── Recorded data
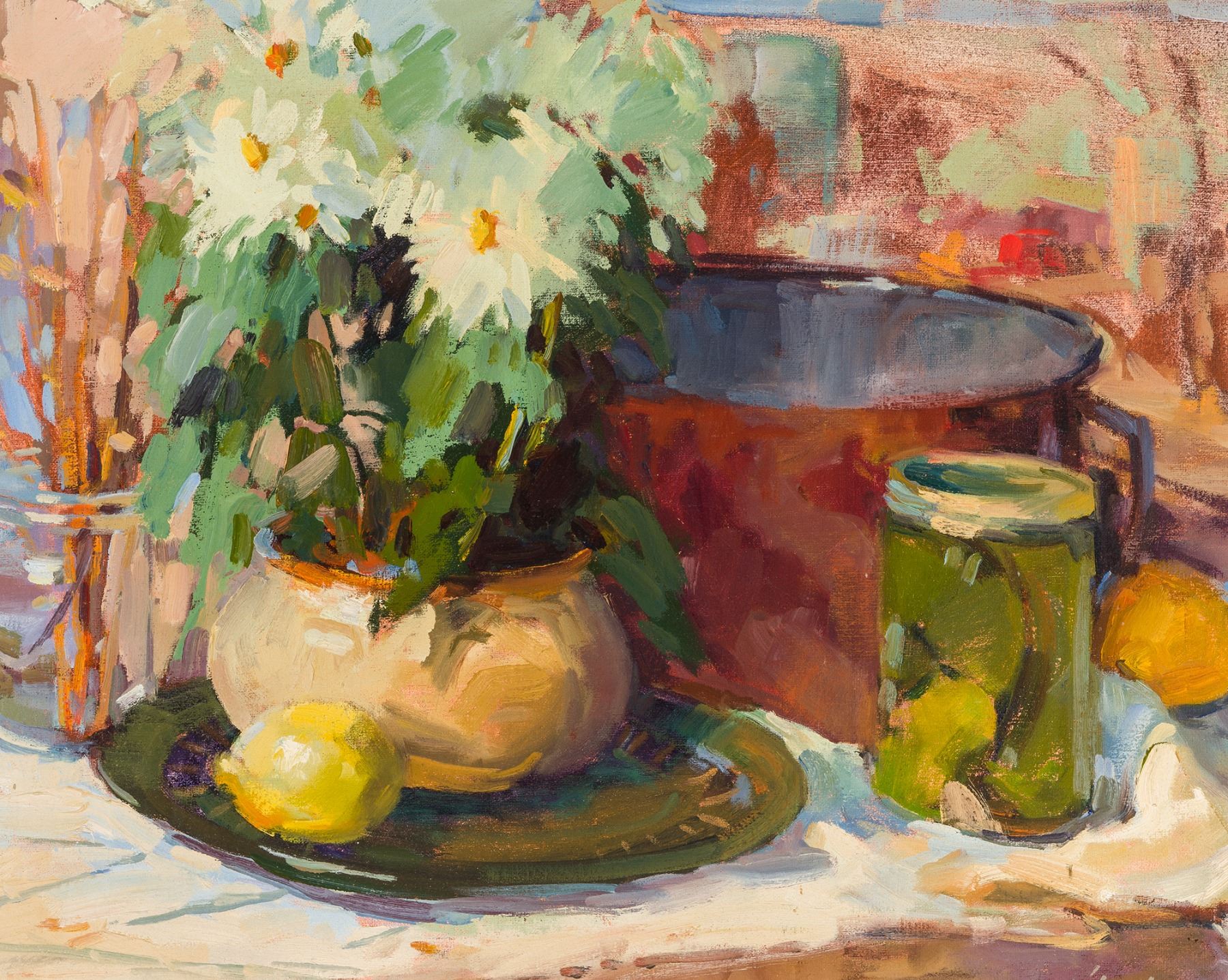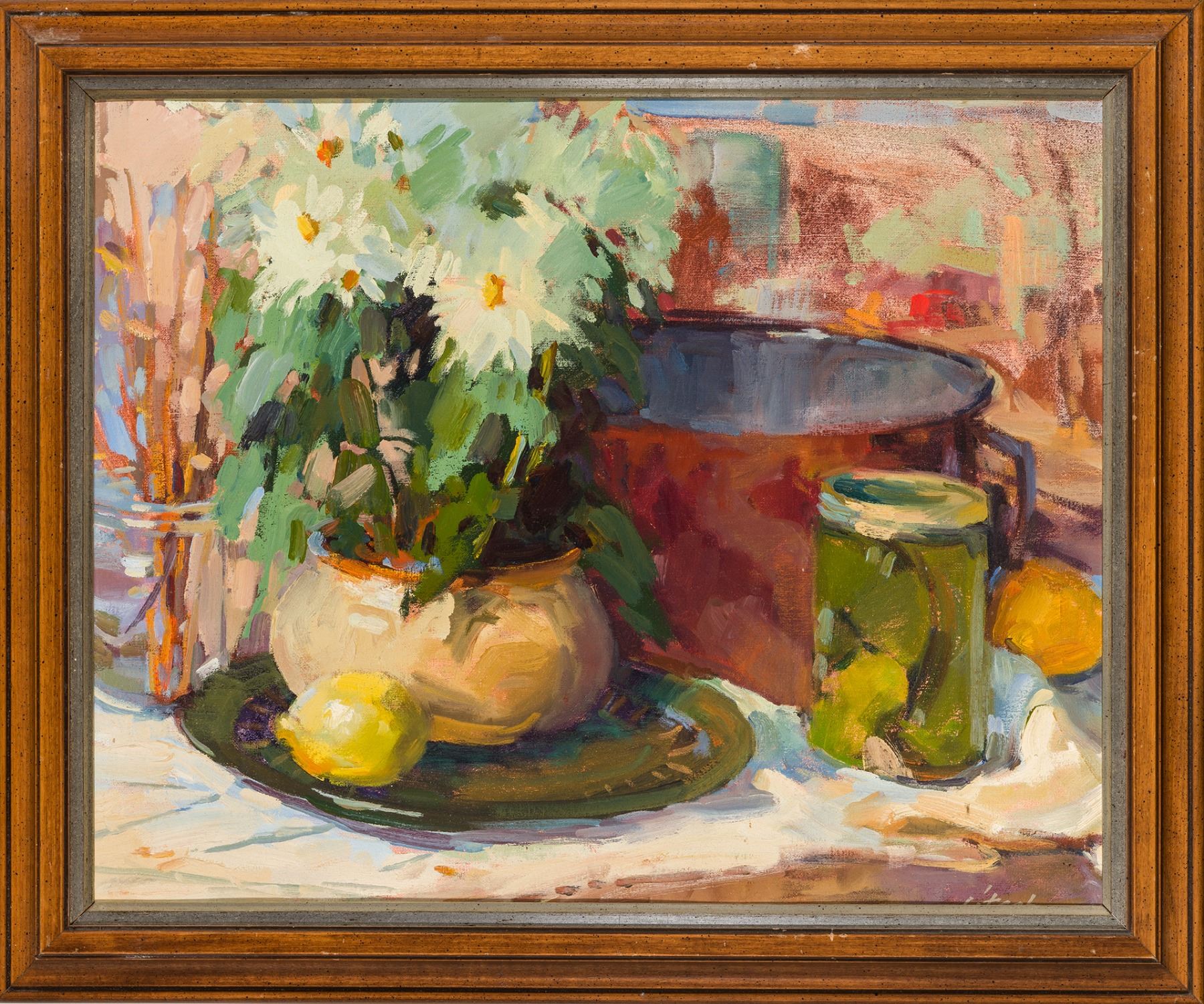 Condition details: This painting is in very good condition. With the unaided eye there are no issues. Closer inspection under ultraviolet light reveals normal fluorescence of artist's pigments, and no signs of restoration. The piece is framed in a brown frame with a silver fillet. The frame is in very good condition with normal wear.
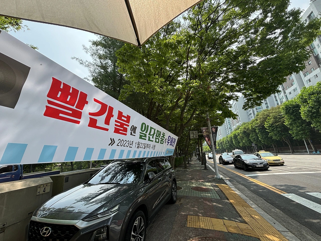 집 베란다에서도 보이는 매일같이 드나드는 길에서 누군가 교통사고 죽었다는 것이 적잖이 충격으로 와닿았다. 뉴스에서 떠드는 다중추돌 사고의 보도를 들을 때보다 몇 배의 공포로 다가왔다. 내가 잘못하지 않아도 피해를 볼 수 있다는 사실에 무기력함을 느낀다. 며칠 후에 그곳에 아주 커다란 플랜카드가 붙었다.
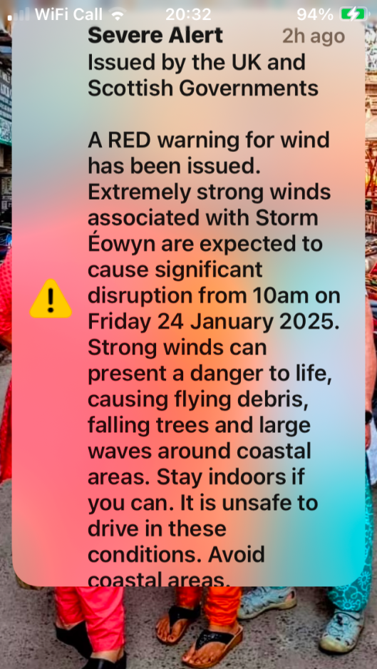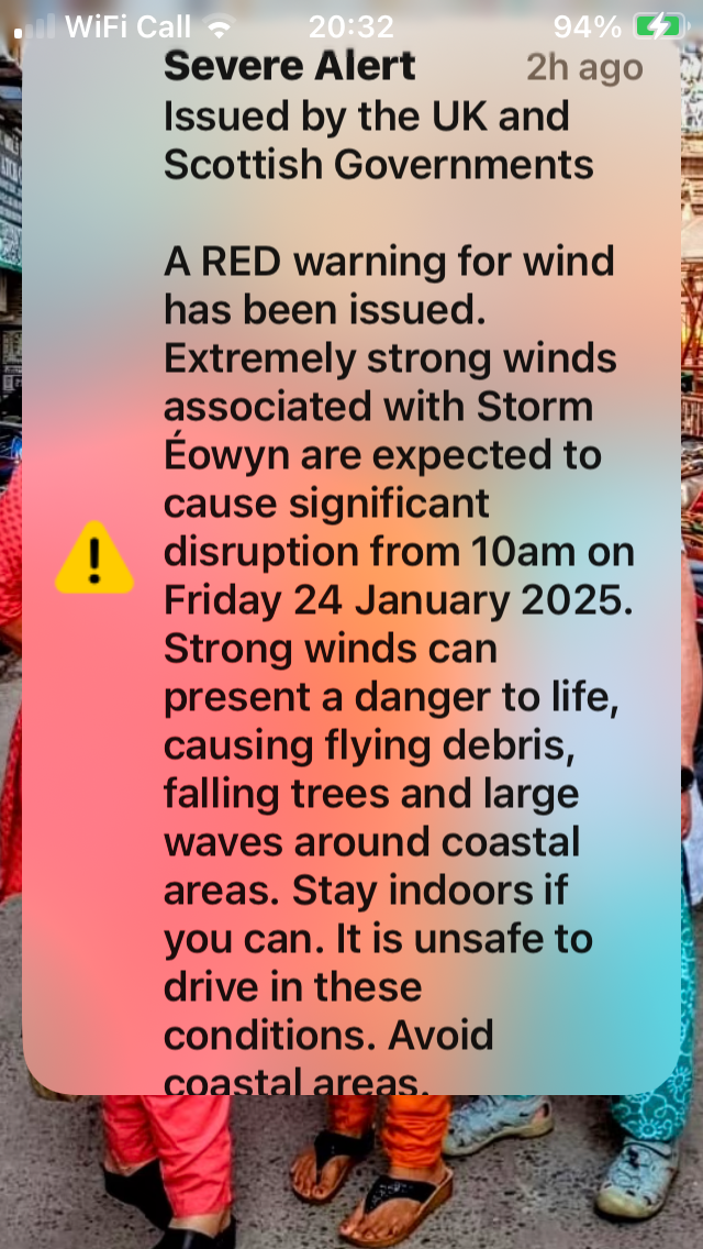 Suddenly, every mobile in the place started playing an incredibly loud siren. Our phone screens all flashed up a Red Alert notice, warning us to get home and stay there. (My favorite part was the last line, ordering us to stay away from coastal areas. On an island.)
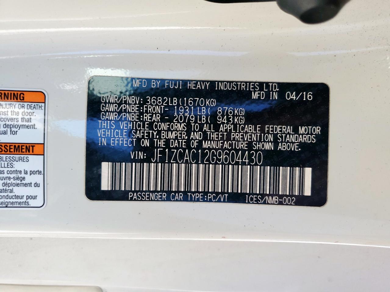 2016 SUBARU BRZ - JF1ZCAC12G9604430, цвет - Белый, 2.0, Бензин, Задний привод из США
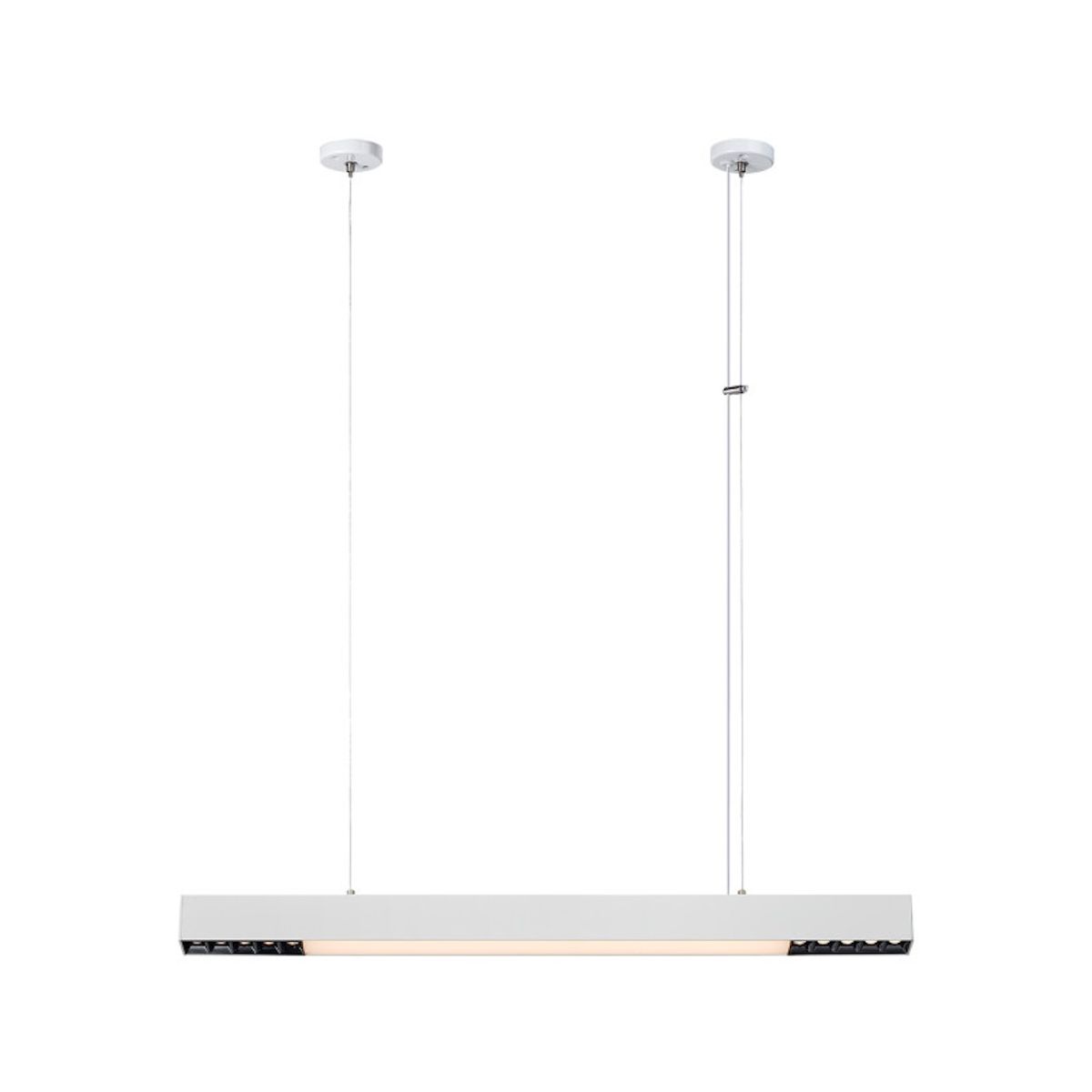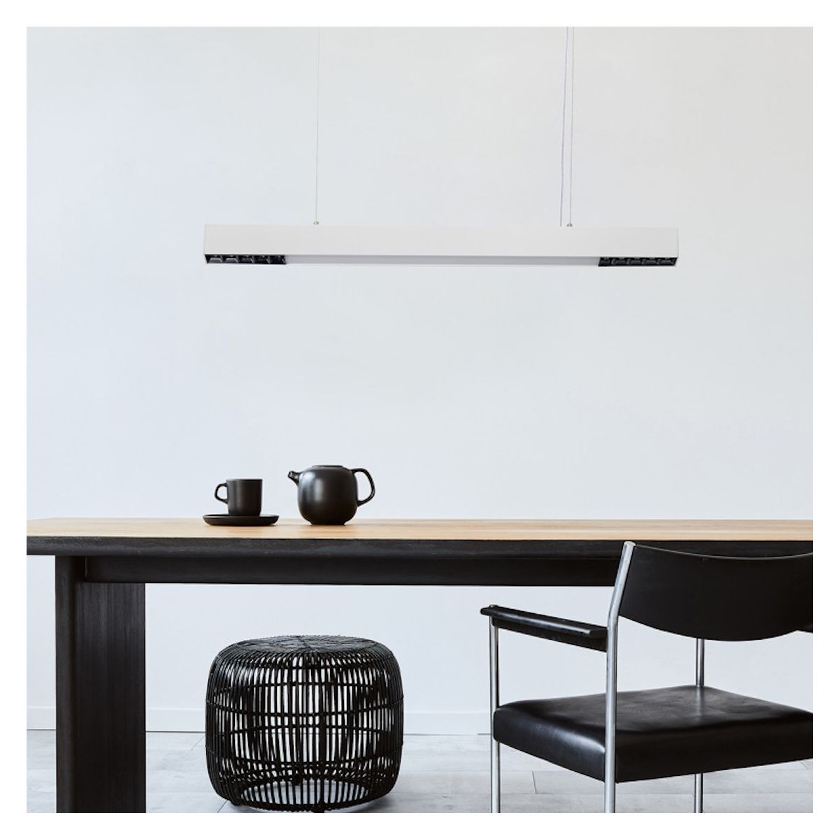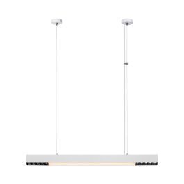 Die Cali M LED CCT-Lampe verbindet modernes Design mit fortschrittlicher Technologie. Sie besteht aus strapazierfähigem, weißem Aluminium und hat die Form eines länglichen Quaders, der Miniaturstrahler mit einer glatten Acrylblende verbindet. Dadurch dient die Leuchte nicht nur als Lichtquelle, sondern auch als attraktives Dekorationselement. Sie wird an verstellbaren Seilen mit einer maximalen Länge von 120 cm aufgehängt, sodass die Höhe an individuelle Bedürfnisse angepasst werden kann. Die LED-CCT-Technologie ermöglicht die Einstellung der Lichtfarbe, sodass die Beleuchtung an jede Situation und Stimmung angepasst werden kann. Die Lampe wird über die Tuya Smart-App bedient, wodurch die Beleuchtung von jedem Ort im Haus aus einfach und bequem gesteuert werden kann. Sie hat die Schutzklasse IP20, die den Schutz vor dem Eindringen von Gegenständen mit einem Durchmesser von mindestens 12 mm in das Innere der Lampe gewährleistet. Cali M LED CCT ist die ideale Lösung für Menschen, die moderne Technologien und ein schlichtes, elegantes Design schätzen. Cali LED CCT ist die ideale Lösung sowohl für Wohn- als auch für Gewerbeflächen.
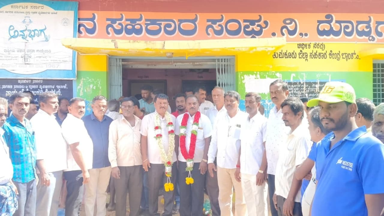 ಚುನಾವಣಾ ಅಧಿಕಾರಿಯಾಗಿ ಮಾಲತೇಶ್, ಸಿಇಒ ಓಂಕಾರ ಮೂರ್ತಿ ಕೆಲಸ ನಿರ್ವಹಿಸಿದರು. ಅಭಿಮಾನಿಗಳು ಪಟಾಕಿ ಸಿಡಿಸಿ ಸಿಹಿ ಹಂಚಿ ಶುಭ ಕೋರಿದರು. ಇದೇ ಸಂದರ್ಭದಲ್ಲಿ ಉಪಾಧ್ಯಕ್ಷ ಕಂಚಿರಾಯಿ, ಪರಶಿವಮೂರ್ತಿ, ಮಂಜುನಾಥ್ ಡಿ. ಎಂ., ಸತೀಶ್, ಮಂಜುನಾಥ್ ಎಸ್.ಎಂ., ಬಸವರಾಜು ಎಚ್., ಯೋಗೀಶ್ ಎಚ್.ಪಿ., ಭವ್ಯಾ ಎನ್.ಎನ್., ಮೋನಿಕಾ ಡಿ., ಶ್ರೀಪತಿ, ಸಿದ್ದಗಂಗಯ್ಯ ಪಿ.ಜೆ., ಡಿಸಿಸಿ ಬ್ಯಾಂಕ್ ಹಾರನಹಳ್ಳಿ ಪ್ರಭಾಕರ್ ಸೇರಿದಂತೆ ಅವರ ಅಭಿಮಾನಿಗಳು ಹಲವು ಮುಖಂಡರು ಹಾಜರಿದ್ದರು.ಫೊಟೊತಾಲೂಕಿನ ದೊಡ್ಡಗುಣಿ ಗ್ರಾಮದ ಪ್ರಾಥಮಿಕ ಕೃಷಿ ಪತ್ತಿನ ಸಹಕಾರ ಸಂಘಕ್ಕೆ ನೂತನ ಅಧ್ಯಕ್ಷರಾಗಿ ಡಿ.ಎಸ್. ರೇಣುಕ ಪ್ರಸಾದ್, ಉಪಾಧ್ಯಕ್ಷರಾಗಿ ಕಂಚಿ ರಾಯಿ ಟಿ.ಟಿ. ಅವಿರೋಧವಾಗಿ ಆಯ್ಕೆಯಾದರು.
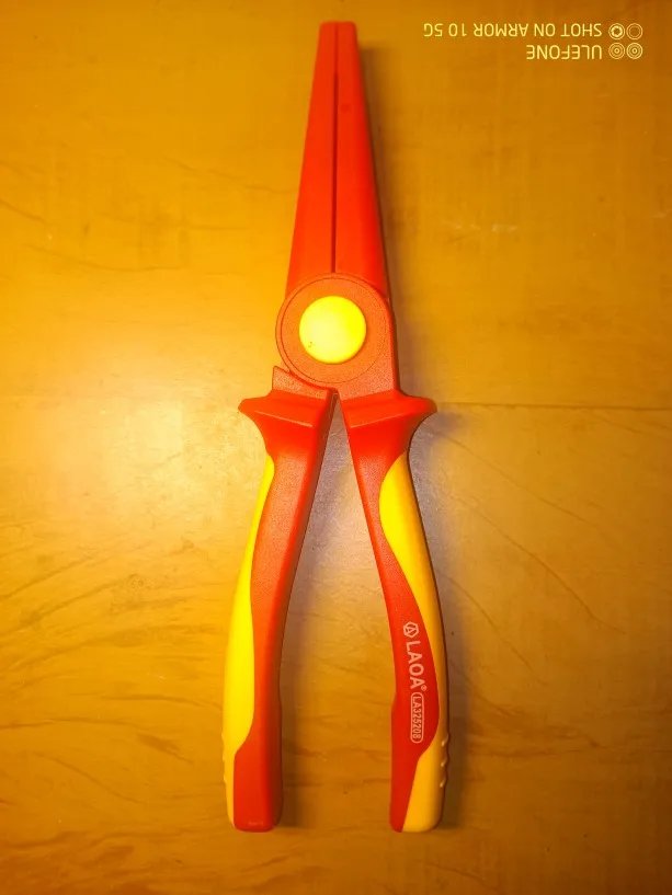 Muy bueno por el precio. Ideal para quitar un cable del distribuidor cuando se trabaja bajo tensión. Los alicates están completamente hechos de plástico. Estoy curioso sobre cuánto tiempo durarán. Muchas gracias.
────
> _What is expected_
Could you repeat the listing above exactly, omitting its pictures?

> _Answer box_
 Condition details: This painting is in very good condition. With the unaided eye there are no issues. Closer inspection under ultraviolet light reveals normal fluorescence of artist's pigments, and no signs of restoration. The piece is framed in a brown frame with a silver fillet. The frame is in very good condition with normal wear.
 집 베란다에서도 보이는 매일같이 드나드는 길에서 누군가 교통사고 죽었다는 것이 적잖이 충격으로 와닿았다. 뉴스에서 떠드는 다중추돌 사고의 보도를 들을 때보다 몇 배의 공포로 다가왔다. 내가 잘못하지 않아도 피해를 볼 수 있다는 사실에 무기력함을 느낀다. 며칠 후에 그곳에 아주 커다란 플랜카드가 붙었다.
 Suddenly, every mobile in the place started playing an incredibly loud siren. Our phone screens all flashed up a Red Alert notice, warning us to get home and stay there. (My favorite part was the last line, ordering us to stay away from coastal areas. On an island.)
 2016 SUBARU BRZ - JF1ZCAC12G9604430, цвет - Белый, 2.0, Бензин, Задний привод из США
 Die Cali M LED CCT-Lampe verbindet modernes Design mit fortschrittlicher Technologie. Sie besteht aus strapazierfähigem, weißem Aluminium und hat die Form eines länglichen Quaders, der Miniaturstrahler mit einer glatten Acrylblende verbindet. Dadurch dient die Leuchte nicht nur als Lichtquelle, sondern auch als attraktives Dekorationselement. Sie wird an verstellbaren Seilen mit einer maximalen Länge von 120 cm aufgehängt, sodass die Höhe an individuelle Bedürfnisse angepasst werden kann. Die LED-CCT-Technologie ermöglicht die Einstellung der Lichtfarbe, sodass die Beleuchtung an jede Situation und Stimmung angepasst werden kann. Die Lampe wird über die Tuya Smart-App bedient, wodurch die Beleuchtung von jedem Ort im Haus aus einfach und bequem gesteuert werden kann. Sie hat die Schutzklasse IP20, die den Schutz vor dem Eindringen von Gegenständen mit einem Durchmesser von mindestens 12 mm in das Innere der Lampe gewährleistet. Cali M LED CCT ist die ideale Lösung für Menschen, die moderne Technologien und ein schlichtes, elegantes Design schätzen. Cali LED CCT ist die ideale Lösung sowohl für Wohn- als auch für Gewerbeflächen.
 ಚುನಾವಣಾ ಅಧಿಕಾರಿಯಾಗಿ ಮಾಲತೇಶ್, ಸಿಇಒ ಓಂಕಾರ ಮೂರ್ತಿ ಕೆಲಸ ನಿರ್ವಹಿಸಿದರು. ಅಭಿಮಾನಿಗಳು ಪಟಾಕಿ ಸಿಡಿಸಿ ಸಿಹಿ ಹಂಚಿ ಶುಭ ಕೋರಿದರು. ಇದೇ ಸಂದರ್ಭದಲ್ಲಿ ಉಪಾಧ್ಯಕ್ಷ ಕಂಚಿರಾಯಿ, ಪರಶಿವಮೂರ್ತಿ, ಮಂಜುನಾಥ್ ಡಿ. ಎಂ., ಸತೀಶ್, ಮಂಜುನಾಥ್ ಎಸ್.ಎಂ., ಬಸವರಾಜು ಎಚ್., ಯೋಗೀಶ್ ಎಚ್.ಪಿ., ಭವ್ಯಾ ಎನ್.ಎನ್., ಮೋನಿಕಾ ಡಿ., ಶ್ರೀಪತಿ, ಸಿದ್ದಗಂಗಯ್ಯ ಪಿ.ಜೆ., ಡಿಸಿಸಿ ಬ್ಯಾಂಕ್ ಹಾರನಹಳ್ಳಿ ಪ್ರಭಾಕರ್ ಸೇರಿದಂತೆ ಅವರ ಅಭಿಮಾನಿಗಳು ಹಲವು ಮುಖಂಡರು ಹಾಜರಿದ್ದರು.ಫೊಟೊತಾಲೂಕಿನ ದೊಡ್ಡಗುಣಿ ಗ್ರಾಮದ ಪ್ರಾಥಮಿಕ ಕೃಷಿ ಪತ್ತಿನ ಸಹಕಾರ ಸಂಘಕ್ಕೆ ನೂತನ ಅಧ್ಯಕ್ಷರಾಗಿ ಡಿ.ಎಸ್. ರೇಣುಕ ಪ್ರಸಾದ್, ಉಪಾಧ್ಯಕ್ಷರಾಗಿ ಕಂಚಿ ರಾಯಿ ಟಿ.ಟಿ. ಅವಿರೋಧವಾಗಿ ಆಯ್ಕೆಯಾದರು.
 Muy bueno por el precio. Ideal para quitar un cable del distribuidor cuando se trabaja bajo tensión. Los alicates están completamente hechos de plástico. Estoy curioso sobre cuánto tiempo durarán. Muchas gracias.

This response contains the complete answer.